● **YOUR GOAL**:
Return the listing exactly. Keep no pictures.

═════ COLLECTED MATERIAL

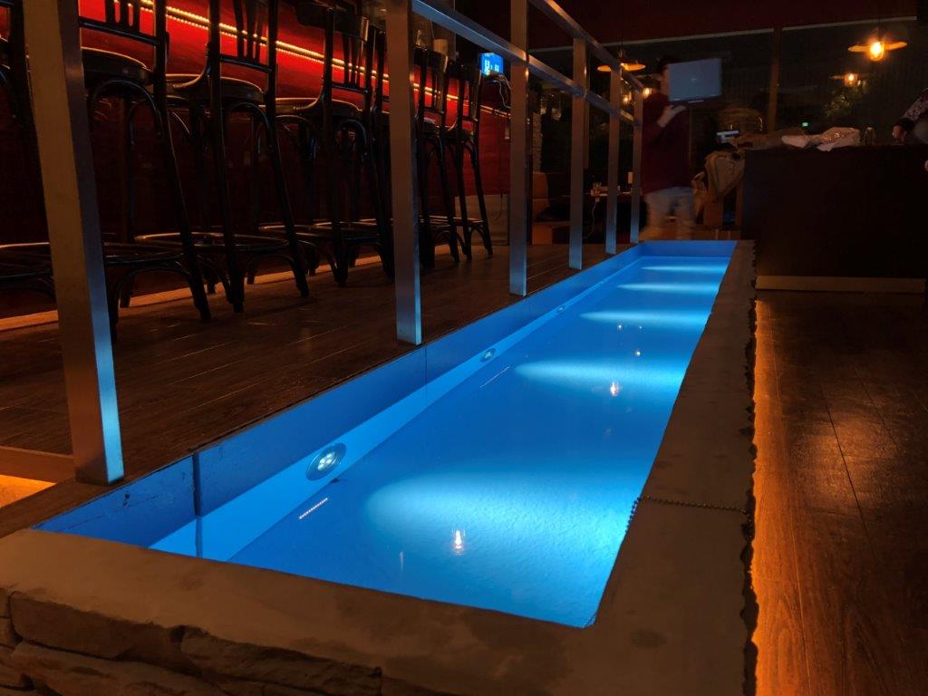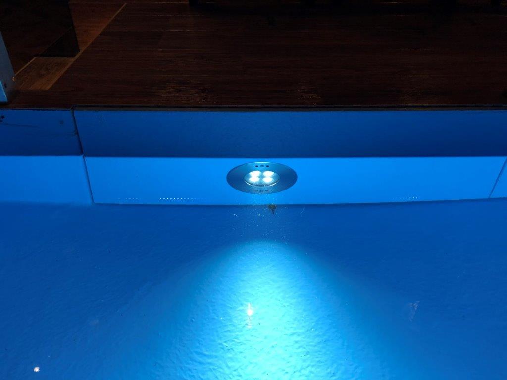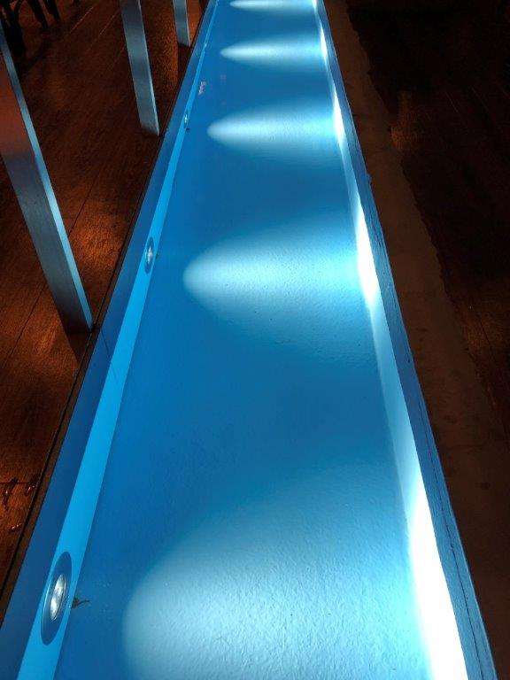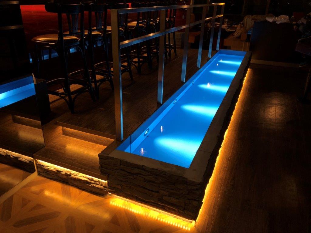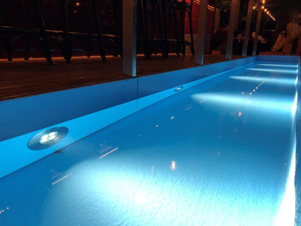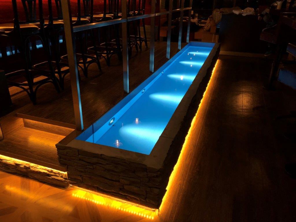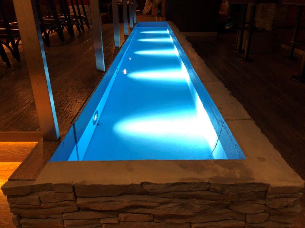 「以前より100倍良くなったね!」とお褒めの言葉を頂きました。お客様のイメージ通りのナイトプールのように演出にできた事が1番良かったです。施工方法としましては、町の飲食店なので水槽(プール)がFRPで出来ており、穴の寸法に合わせて埋込ボックスを板に挟み込むようにして施工しました。
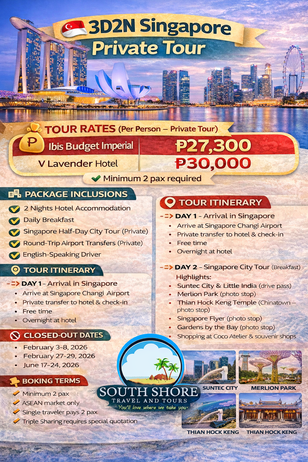 ✔ Minimum 2 pax required
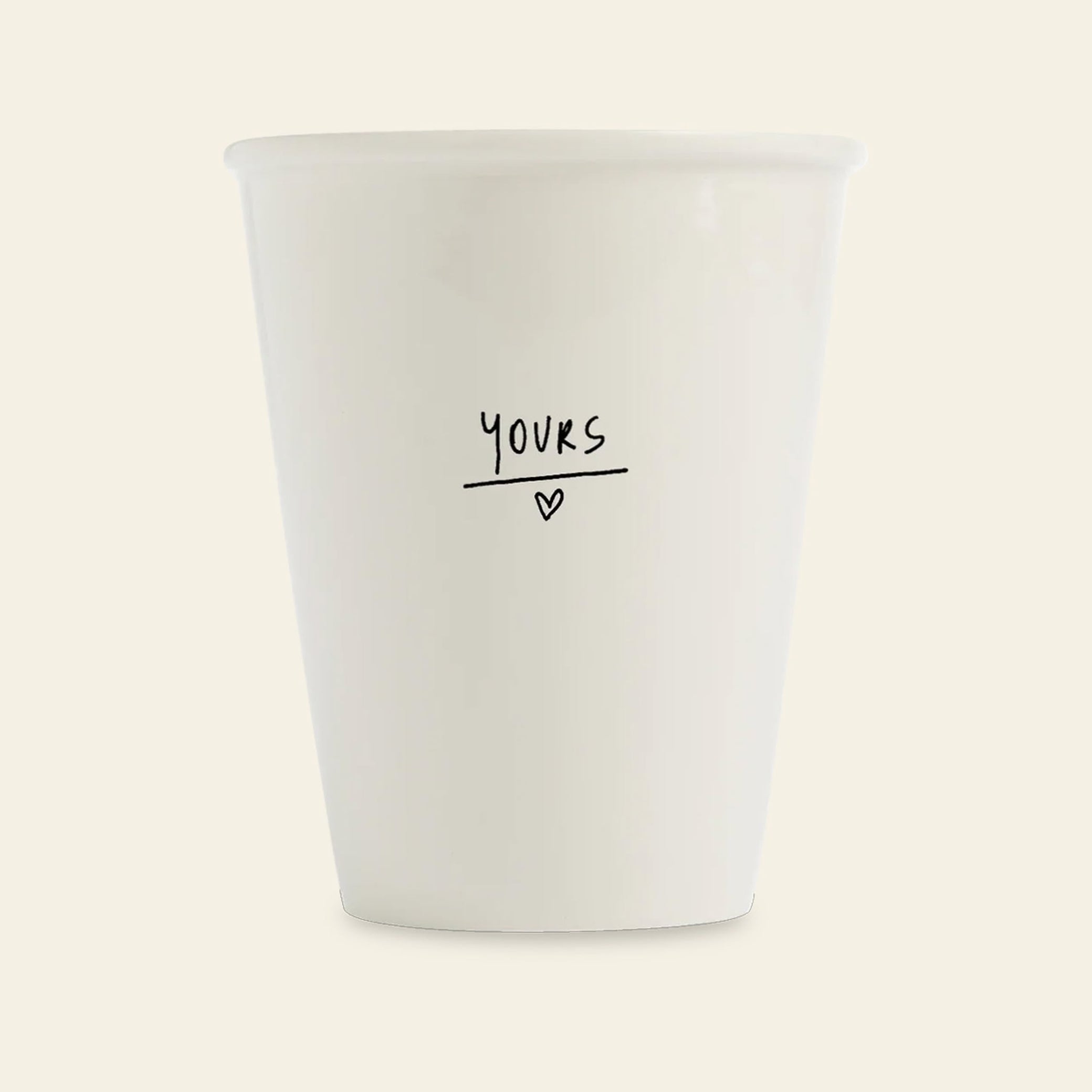 helen b Yours Cup – a playful reminder of who this cup belongs to or who it’s meant for. Featuring helen b’s signature handwritten style and a tiny heart, the Yours Cup brings a personal, heartfelt touch to your daily routine. Perfect as a gift or paired with the “Mine” cup for a meaningful duo.
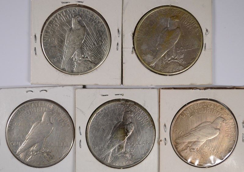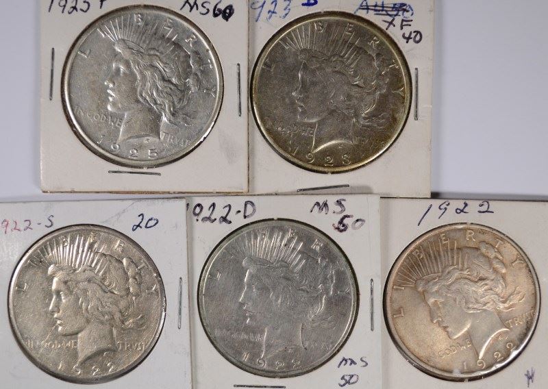 ( 5 ) PEACE SILVER DOLLARS: 1922, 1922-D, 1922-S, 1923-S AND 1925

══════════

● **SOLUTION FOR THIS EXERCISE**:
 「以前より100倍良くなったね!」とお褒めの言葉を頂きました。お客様のイメージ通りのナイトプールのように演出にできた事が1番良かったです。施工方法としましては、町の飲食店なので水槽(プール)がFRPで出来ており、穴の寸法に合わせて埋込ボックスを板に挟み込むようにして施工しました。
 ✔ Minimum 2 pax required
 helen b Yours Cup – a playful reminder of who this cup belongs to or who it’s meant for. Featuring helen b’s signature handwritten style and a tiny heart, the Yours Cup brings a personal, heartfelt touch to your daily routine. Perfect as a gift or paired with the “Mine” cup for a meaningful duo.
 ( 5 ) PEACE SILVER DOLLARS: 1922, 1922-D, 1922-S, 1923-S AND 1925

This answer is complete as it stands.